The Hong Kong Golf Club (HKGC) is urging members to protest plans to transform part of the Fanling Golf Course into a town for 33,600 people, claiming the Environmental Impact Assessment (EIA) “underrepresents the ecological value” of the land.
According to the government, the first three holes of the Old Course, home to the Hong Kong Ladies’ Open, are of “lower ecological value” and therefore can be built upon.
But the club says government studies of local fauna, particularly moths and bats, has led to “compound errors” in the EIA released last month and asks members to write to the Environmental Protection Department (EPD) to challenge the plans.
Traffic congestion will be an issue, says HKGC’s report, with Fan Kam Road being a bottleneck.
Fan Kam Road is narrow and already made dangerous by speeding vehicles.
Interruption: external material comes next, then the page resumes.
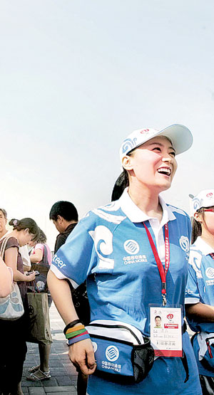 昨天,歌手譚晶來到鳥巢旁的志愿者服務(wù)站,履行她作為奧運志愿者的義務(wù)。

Cyclist Mr Wong, 55, was killed by a public light bus on the road last May, while countless crashes along the road have littered the verge with vehicle debris along the entire length of the HKGC land.
Furthermore, the club says EPD is mistaken to claim there are no “old and valuable trees (OVTs) on the land, since OVTs are not recorded on private land.
“Many of the [trees] will become registrable as OVTs as soon as Government resumes the land,” says the club’s report.
The club also criticises the government’s process, claiming they were not consulted by government at all during the EIA study.
If the government proceeds, HKGC warns, the proposed development “will result in serious irreversible consequences, including chaotic traffic conditions, flooding problems […] and over-capacity of the sewerage system in the North District.”
The EIA dismisses traffic problems and says noise from a nearby road will be mitigated using special road surface and through the use of sound-proof windows in apartments and the school.
The club is urging members writing to EPD to “not directly copy our consultant’s high level comments”, a nod to the government’s longstanding practice of discounting identical or copied comments in public consultations.
The public comment period to the EIA ends on 18 June.
EPD this morning said it was not responsible for the EIA’s consultation with stakeholders, and that questions on why HKGC had not been consulted should be addressed to the Civil Engineering & Development Department (CEDD) which, it said, was the project proponent.
The Fanling devleopment was one of eight recommended by the Task Force on Land Supply and endorsed by the government in February 2019.